Psychotherapy over Zoom may not be a panacea, but it has been a boon during Covid-19 lockdowns (Therapy via Zoom should make mental healthcare available for all – it hasn’t, 3 August). I am an integrative psychotherapist and shied away from e-therapy in all forms, as it contravened my idea of the therapeutic frame within which I practised – rich with warmth and empathic relating.
With lockdown, I rapidly trained in online etiquette, contracting, indemnity, and safety and security. Zoom security was helpfully improved early in 2020. Could I be therapeutic digitally?

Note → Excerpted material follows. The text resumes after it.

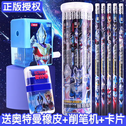 奥特曼铅笔男孩铅笔小学生专用新一二年级小学生铅笔套装幼儿园初学者洞洞笔HB带橡皮擦卡通儿童学习用品批发

Only one existing client withdrew. I arranged my room with the computer across the arms of the client’s chair so the view of me, as therapist, was unchanged. Fortuitously, this put the client’s image where they would have been if present. This was a crucial factor, and I realised that I had settled into online therapy when I offered a tissue box to a weeping patient through the computer screen. I had become at ease with Zoom as a medium. I was an online therapist.
The challenges are different – if a client does not have a safe place from which to engage in therapy it will not work. I am sad when this happens, as I normally provide that safety for them. Privacy is also crucial. I have been challenged to deliver therapeutic help to clients in cars and vans, in the park, in bedrooms, and with poor visibility both ways. Though not ideal, the time efficiency of turnaround between clients is beneficial, as is not travelling to see a therapist, for the client. It has been a great experience, enabling clients to access a scarce resource on their own terms. We changed to function safely in the pandemic. The positives of Zoom therapy are here to stay. I envisage maintaining a hybrid practice.